This patch tries to handle this special case by:
1) setting the owner field to a special value RWSEM_READ_OWNED
to indicate that the current or last owner is a reader.
2) seting a threshold on how many times (currently 100) spinning will
be done with active readers before giving up as there is no easy
way to determine if all of them are currently running.
By doing so, it tries to strike a balance between giving up too early
and losing potential performance gain and wasting too many precious
CPU cycles when some lock owning readers are not running.
Signed-off-by: Waiman Long <Waiman.Long@hp.com>
---
include/linux/rwsem.h | 7 +++++++
kernel/locking/rwsem-xadd.c | 23 ++++++++++++++++++++---
kernel/locking/rwsem.c | 17 ++++++++++++++++-
3 files changed, 43 insertions(+), 4 deletions(-)
diff --git a/include/linux/rwsem.h b/include/linux/rwsem.h
index 035d3c5..48e1e31 100644
--- a/include/linux/rwsem.h
+++ b/include/linux/rwsem.h
@@ -66,6 +66,13 @@ static inline int rwsem_is_locked(struct rw_semaphore *sem)
#endif
#ifdef CONFIG_RWSEM_SPIN_ON_OWNER
+/*
+ * The owner field is set to RWSEM_READ_OWNED if the last owner(s) are
+ * readers. It is not reset until a writer takes over and set it to its
+ * task structure pointer or NULL when it frees the lock. So a value
+ * of RWSEM_READ_OWNED doesn't mean it currently has active readers.
+ */
+#define RWSEM_READ_OWNED ((struct task_struct *)-1)

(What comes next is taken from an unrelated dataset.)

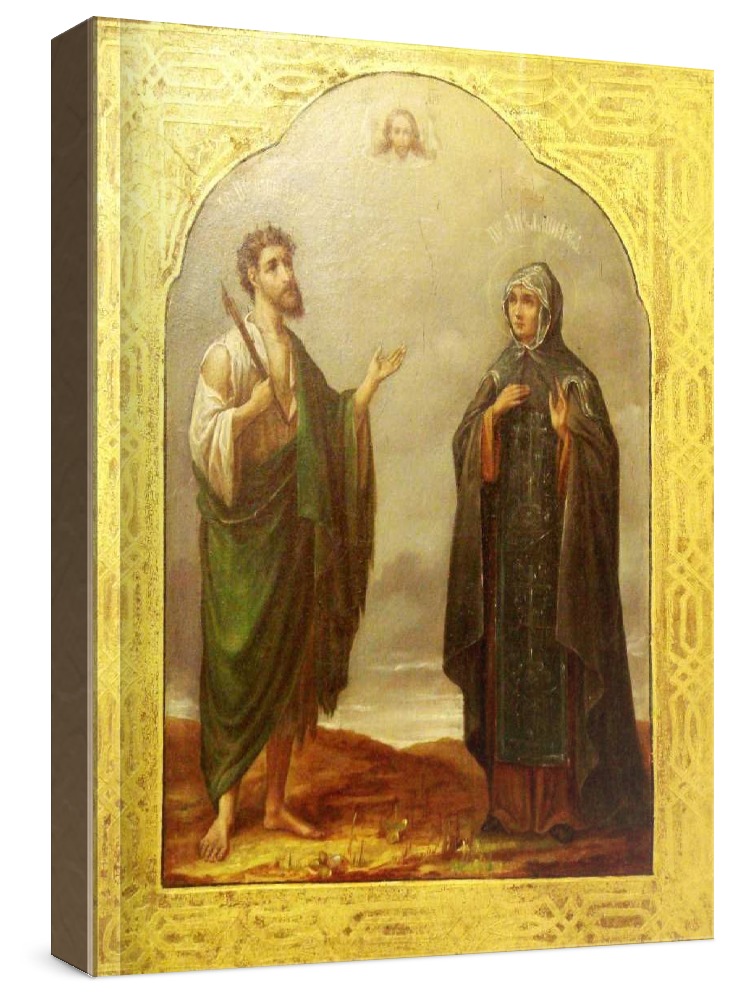 Прокопий и аполлинария (икона на дереве). Икона на заказ. Срок изготовления - 5-14 дней. Изображение нанесено на основу из натурального хвойного дерева методом прямой печати (не полиграфия). Деревянная основа иконы подвержена искусственному старению. Лик покрыт специальным лаком, что защищает икону от воздействий окружающей среды и обеспечивает хранение иконы в первозданном виде в течение нескольких десятилетий. Цена зависит от размера иконы (высота может незначительно отличаться от указанной величины в связи с точным соблюдением пропорций образца-оригинала): 10x13 - 1500 руб. 30x40 - 5000 руб. 60x80 - 15000 руб. 15x18 - 2250 руб. 40x60 - 8000 руб. 80x120 - 20000 руб. 20x25 - 3000 руб.

#define __RWSEM_OPT_INIT(lockname) , .osq = OSQ_LOCK_UNLOCKED, .owner = NULL
#else
#define __RWSEM_OPT_INIT(lockname)
diff --git a/kernel/locking/rwsem-xadd.c b/kernel/locking/rwsem-xadd.c
index 9f71a67..576d4cd 100644
--- a/kernel/locking/rwsem-xadd.c
+++ b/kernel/locking/rwsem-xadd.c
@@ -304,6 +304,11 @@ static inline bool rwsem_try_write_lock(long count, struct rw_semaphore *sem)
#ifdef CONFIG_RWSEM_SPIN_ON_OWNER
/*
+ * Threshold for optimistic spinning on readers
+ */
+#define RWSEM_READ_SPIN_THRESHOLD 100
+
+/*
* Try to acquire write lock before the writer has been put on wait queue.
*/
static inline bool rwsem_try_write_lock_unqueued(struct rw_semaphore *sem)
@@ -332,7 +337,7 @@ static inline bool rwsem_can_spin_on_owner(struct rw_semaphore *sem)
rcu_read_lock();
owner = ACCESS_ONCE(sem->owner);
- if (owner)
+ if (owner && (owner != RWSEM_READ_OWNED))
on_cpu = owner->on_cpu;
rcu_read_unlock();
@@ -381,10 +386,17 @@ bool rwsem_spin_on_owner(struct rw_semaphore *sem, struct task_struct *owner)
return sem->owner == NULL;
}
+/*
+ * With active writer, spinning is done by checking if that writer is on
+ * CPU. With active readers, there is no easy way to determine if all of
+ * them are active. So it fall back to spin a certain number of them
+ * RWSEM_READ_SPIN_THRESHOLD before giving up.
+ */
static bool rwsem_optimistic_spin(struct rw_semaphore *sem)
{
struct task_struct *owner;
bool taken = false;
+ int read_spincnt = 0;
preempt_disable();
@@ -397,8 +409,12 @@ static bool rwsem_optimistic_spin(struct rw_semaphore *sem)
while (true) {
owner = ACCESS_ONCE(sem->owner);
- if (owner && !rwsem_spin_on_owner(sem, owner))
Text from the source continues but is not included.